The most common workplace injuries

Lets’ take a look at what the most common workplace injuries are, so we know where and how we can start preventing them. The Health and Safety Executive highlights the most common non-fatal workplace injuries in 2022/23 as follows:

  • Slips, trips, or falls on the same level – 32%
  • Handling, lifting, or carrying – 17%
  • Being struck by a moving object – 11%
  • Falls from height – 8%
  • Acts of violence – 8%​​

These incidents are not confined to high-risk industries either. They can occur in any workplace. However, sectors such as agriculture, construction, and food services report higher injury rates​​.

Effective measures to prevent injuries

So, what are the best ways to go about preventing these non-fatal work injuries? Here are the top measures to put in place:

Safety signage

One of the simplest, yet most effective, ways to prevent workplace injuries is through proper safety signage.

As an employer, you must provide safety signs when certain risks cannot be avoided or controlled in other ways. This could be, for example, a sign that indicates a nearby hazard or specific instruction.

Signs should be maintained regularly, placed in a correct and clear position, and use appropriate colours to indicate specific actions – red for prohibition, blue for mandatory actions, and yellow/black for warnings​​.

Anti-slip matting

Another way to prevent workplace injuries, given that slips, trips, and falls are among the most common workplace injuries, is to implement anti-slip solutions.

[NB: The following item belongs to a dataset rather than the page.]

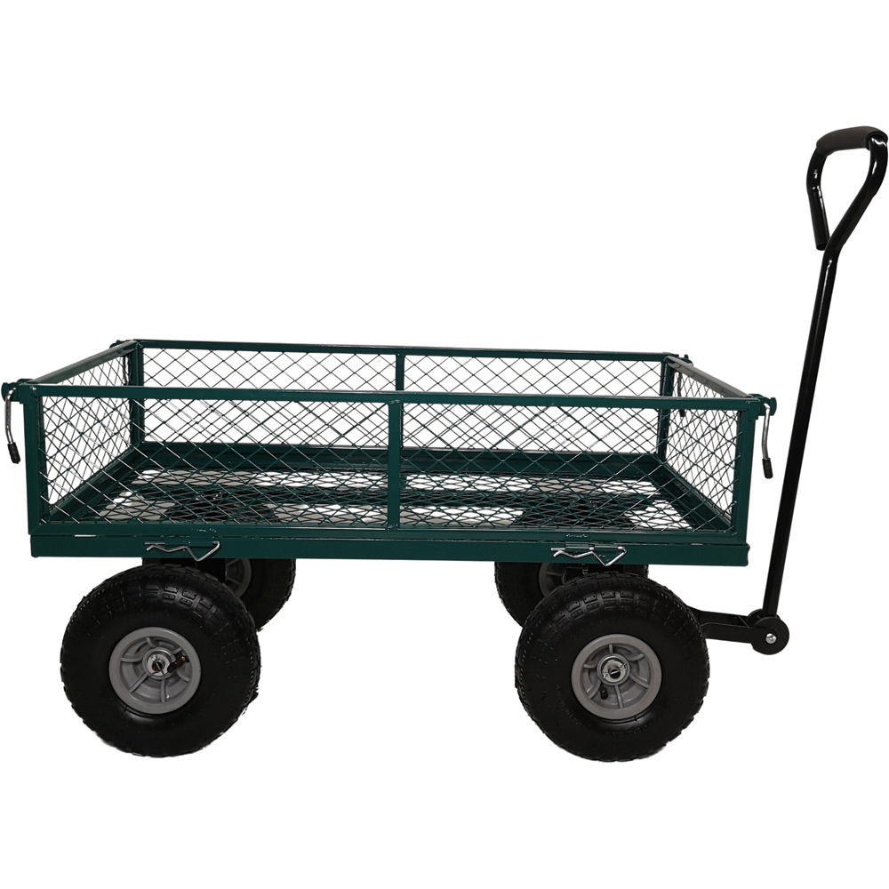 Make your gardening task easy with the Samuel Alexander Green Heavy Duty Metal Garden Wheelbarrow. Whether you need to transport garden waste, plant pots, materials, or tools, this trolley cart is up to the task. With its large metal mesh cage, this truck can hold a variety of items and can be filled to the top. The side panels can be easily dropped down for quick access. The truck is equipped with four hard-wearing wheels, making it suitable for most terrain surfaces. It also features a long padded pull handle for easy steering and manoeuvrability. Please note that self-assembly is required as the truck is supplied flat packed. The internal dimensions of the truck are L83 x W43 x D21cm. The handle length is 72cm and the wheel diameter is 25cm. The overall dimension of the truck is H88 x W44 x L99cm. It has a load capacity of 150-180kg, making it ideal for heavy-duty tasks.

This essential step involves putting anti-slip matting, tape, and stair treads in any areas where there is a slippery surface. Proper entrance matting helps keep the working environment clean and dry, so there’s a reduced risk of slips from water or mud brought in from outside​​.

Zone classification

Effectively zoning your workspace, especially where there are hazardous areas, is crucial. This involves regular risk assessments to classify and manage zones where there could be risk of explosions.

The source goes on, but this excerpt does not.